Over the last eight months, the US Federal Trade Commission (FTC) has focused on what it characterizes as “improper” Orange Book listings and the impacts of such listings on generic entry.
Most recently, on April 30, 2024, the FTC initiated a second round of patent listing disputes – this one targeting more than 300 device patent listings for 20 medicines approved to treat diabetes, obesity, asthma, chronic obstructive pulmonary disease (COPD) and hypoglycemia, covering injectors, inhalers and nasal sprays. The FTC sent letters to the companies listing patents urging them to withdraw their listings from the Orange Book.
This action follows an FTC policy statement, in which the agency announced it would consider “improper” Orange Book listings to be antitrust violations, and a first round of listing “disputes” initiated by the FTC in November 2023 that focused on inhaler products and epinephrine injector pens.
The FTC’s actions have drawn the attention of members of Congress, who have urged companies targeted by the FTC to delist their patents, notwithstanding the absence of guidance about whether these types of patents are properly listed pursuant to the statute. A recent Congressional Research Service report questioned “whether additional clarity [from Congress] is needed on the types of patents that may be listed.”
Antitrust enforcement on the horizon?
The FTC’s actions do not compel delisting and are not antitrust enforcement actions. Rather, the FTC has sent letters to the listers pursuant to US Food and Drug Administration (FDA) regulations that permit anyone to question an Orange Book listing. Targeted companies then have 30 days to elect to either delist or maintain their listings.
In response to the November 2023 listing disputes, a handful of companies did delist some patents. The majority, however, recertified and maintained their patent listings, arguing that their patents satisfy the statutory listing criteria and, therefore, are in fact statutorily required to be listed. In letters to Congress, these companies defended their listings as not causing any real-world anticompetitive effect. To date, the FTC has not brought any antitrust enforcement actions against these companies.
A key question going forward is whether the FTC ultimately brings antitrust cases. In its policy statement, the FTC took the position that improper listings are illegal, regardless of the reasonableness of the decision to list or its competitive effects. If the FTC were to bring litigation on this basis without additional evidence, it would likely face significant challenges.

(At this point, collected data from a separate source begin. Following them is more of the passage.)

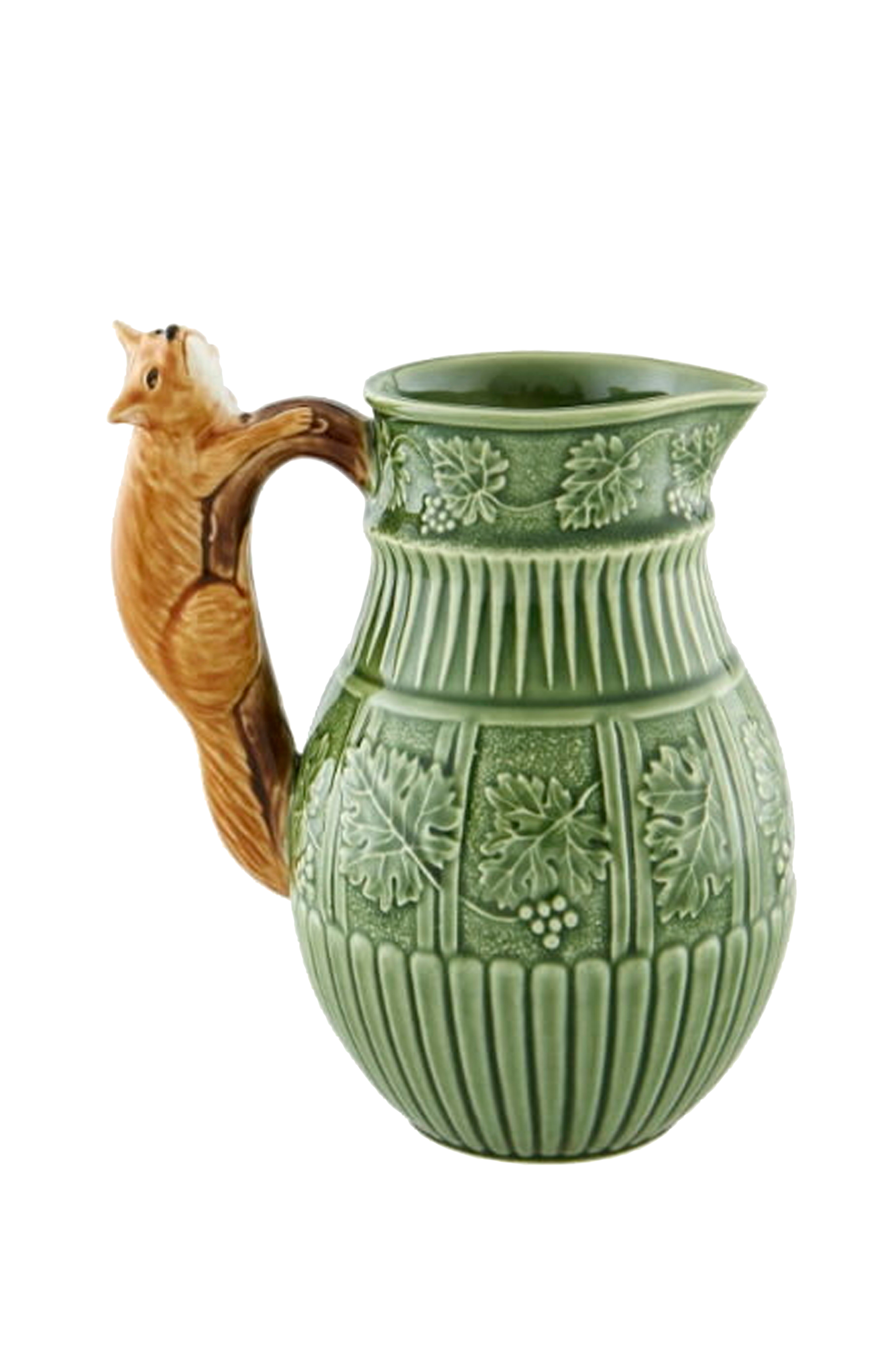 Kande af glaseret lertøj. Mål: Længde 18,5 cm, bredde 14 cm, højde 19,5 cm.
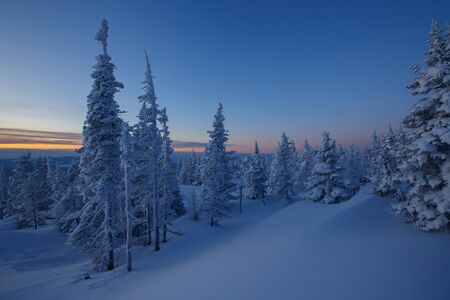 Sheregesh. Dawn on Mount Zelenaya, the winter nature of Siberia, Russia
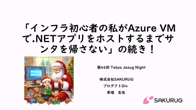 「インフラ初心者の私がAzure VMで.NETアプリをホストするまでサンタを帰さない」の続き! 第46回 Tokyo Jazug Night https://jazug.connpass.com/event/297642/

Of course, the FTC may well be investigating to identify and prioritize fact patterns on which to base future antitrust enforcement. The strongest antitrust cases would be where the FTC is able to prove both that a patent was intentionally improperly listed and a causal link between the improper listing and delayed or deterred generic entry.
In the meantime, it is clear that the FTC continues to devote considerable resources to this issue. The FTC has, among other things, recently submitted amicus briefs in lawsuits against Sanofi in the US District Court for the Western District of Pennsylvania and against Teva in the US District Court for the District of New Jersey, advocating that improper listings “thwart competition” and are “actionable under the antitrust laws.”

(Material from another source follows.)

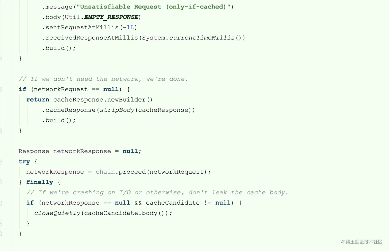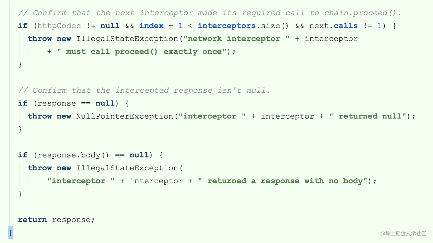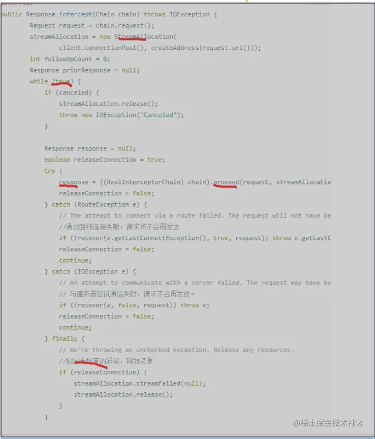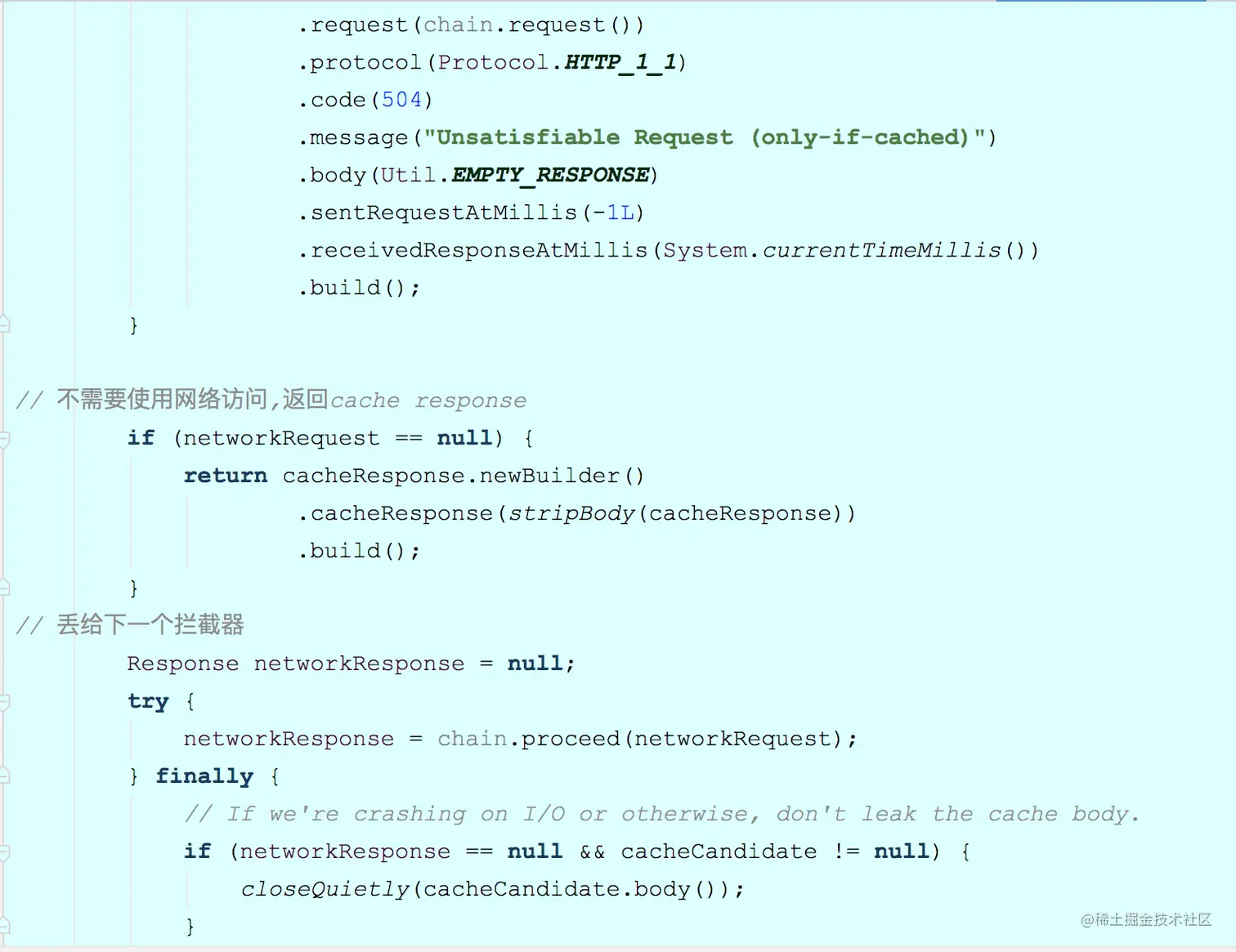// intercept()方法会在开始执行请求时调用。其中chain.proceed(request)内部是真正请求的过程,是阻塞操作,执行完后会就会得到请求结果ResponseBody

And, at a recent White House event, FTC Chair Lina Khan spoke about what she characterized as “bogus patents” listed in an “obscure registry” used to “delay or block” generics. The FTC, however, is not questioning patent validity, only whether patents are properly listed, and listing patents – which is required by statute – is designed to facilitate generic entry by providing notice of relevant patents. Moreover, generic entry is often tied to patent expiration, not the act of listing in the Orange Book.

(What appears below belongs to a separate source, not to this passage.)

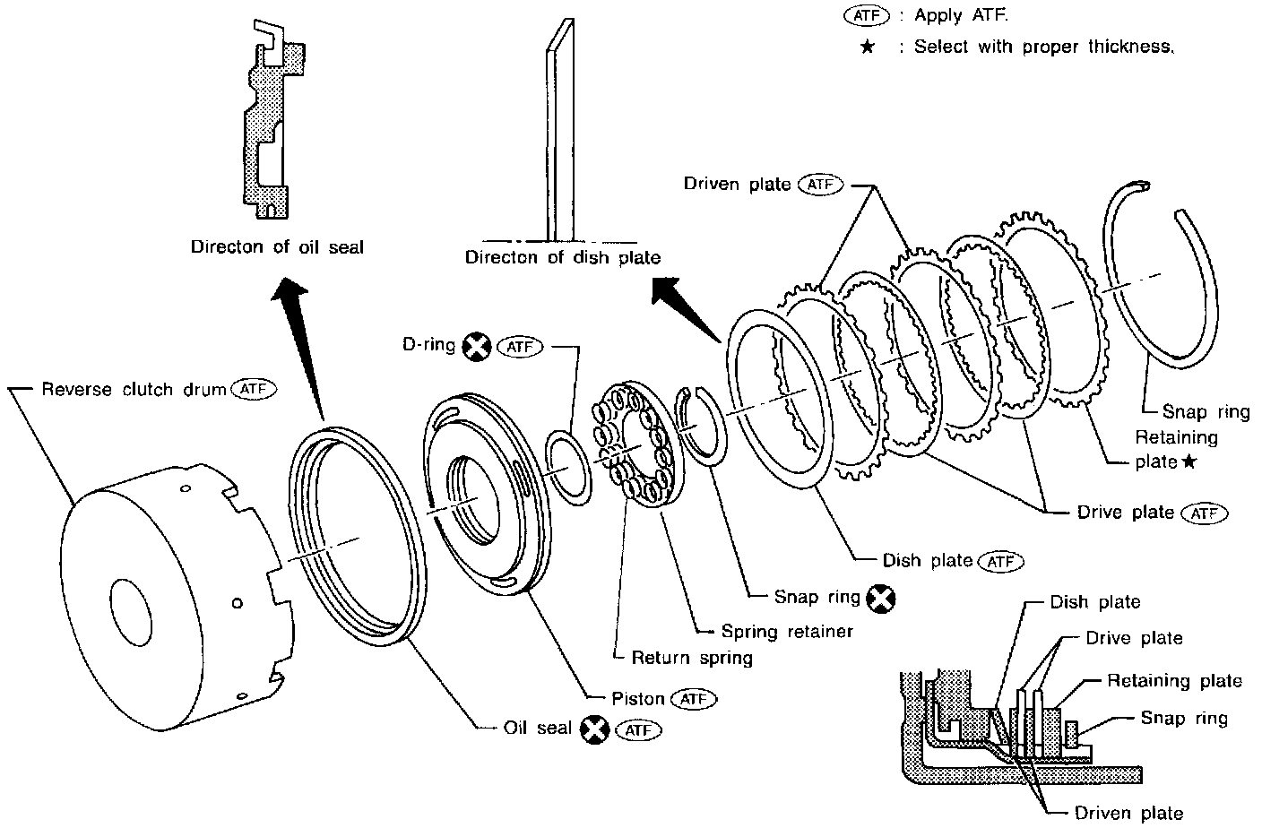 - Measurement of clearance between retaining plate and snap ring of forward clutch
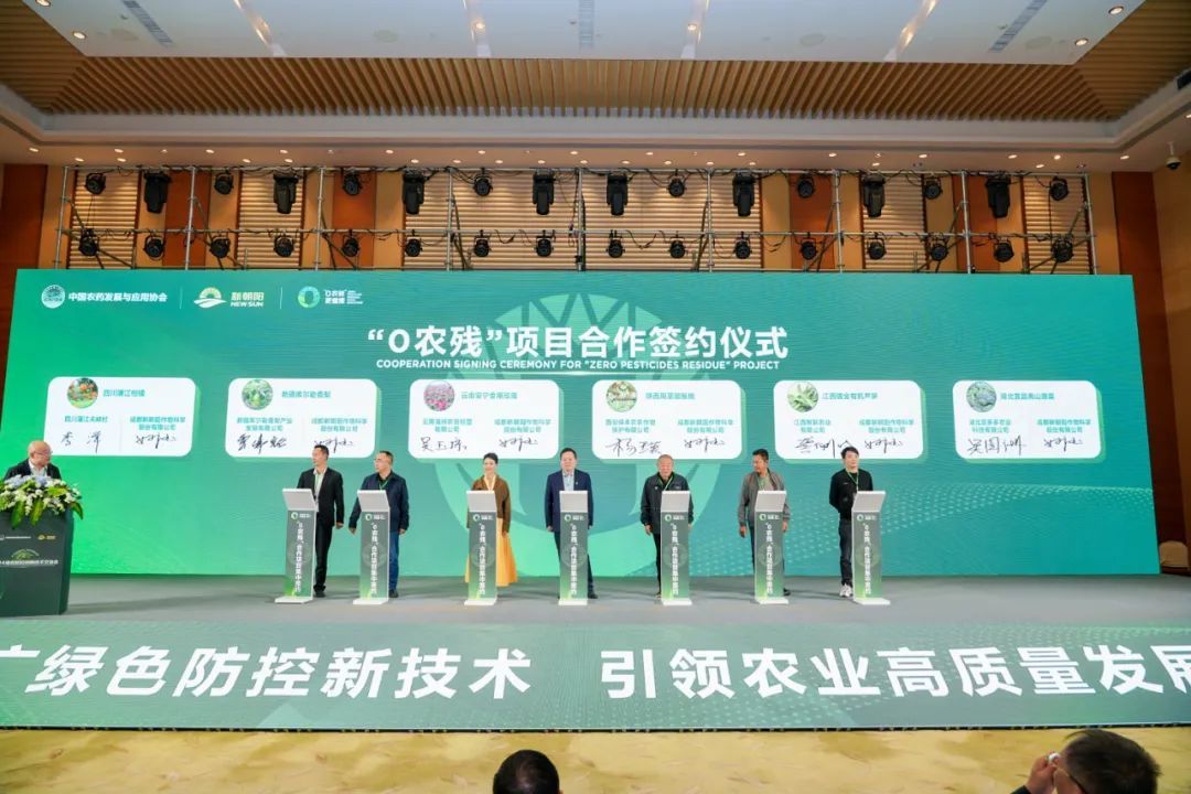 會議期間,新朝陽進行了隆重的“0農(nóng)殘”項目合作簽約儀式,來自蒲江柑橘、新疆香梨、云南食用玫瑰、陜西周至獼猴桃、江西有機蘆筍、湖北高山蔬菜的區(qū)域代表現(xiàn)場簽約。為了提升農(nóng)產(chǎn)品質(zhì)量安全,提升農(nóng)業(yè)產(chǎn)業(yè)價值,推動鄉(xiāng)村振興,助力農(nóng)業(yè)高質(zhì)量發(fā)展,新朝陽利用“零農(nóng)殘”全程生物集成技術(shù),以從“土壤到餐桌”的全程生物技術(shù)為核心,依托健康植保8s作物全程標(biāo)準(zhǔn)化管理體系,實現(xiàn)作物全程生物集成技術(shù)服務(wù),最終實現(xiàn)農(nóng)產(chǎn)品的“零農(nóng)殘”。

Is this just about device patents?
As was the case with the FTC’s first round of patent listing disputes, in this most recent round, the FTC is focused on device patents that do not claim the specific drug. The FTC has by now made clear its view that device patents that do not mention the drug are not listable, notwithstanding the long-standing ambiguity on this issue, the practice of listing these types of patents and the FDA’s historic refusal to provide guidance.
In light of the FTC’s focus on device patents that do not claim the drug, innovator companies that have marketed drug-device combination products, or that are developing such products, should assess whether any device patents may be vulnerable to FTC scrutiny. Companies that are still developing intellectual property should consider claiming relevant drugs when drafting and prosecuting device patents.
Pharmaceutical companies also should recognize that the FTC appears likely to broaden its lens beyond device patents to include additional categories of patents it views as improperly listed. FTC personnel have flagged, for instance, patents claiming manufacturing processes, packaging and distribution systems, such as REMS (Risk Evaluation and Mitigation Strategies), as potentially being the focus of future listing disputes, as we discuss in this November 2023 client alert. The FDA also has committed to “continue to engage with the FTC to identify and address potential efforts to impede competition.”
What else do I need to know?
We have detailed key considerations in earlier alerts on this topic (see this October 2023 alert and this November 2023 alert).
In the current environment, the FTC’s focus on this issue warrants attention from pharmaceutical companies that have listed patents or that are prosecuting patents that may fall into a category the FTC deems not proper for Orange Book listing.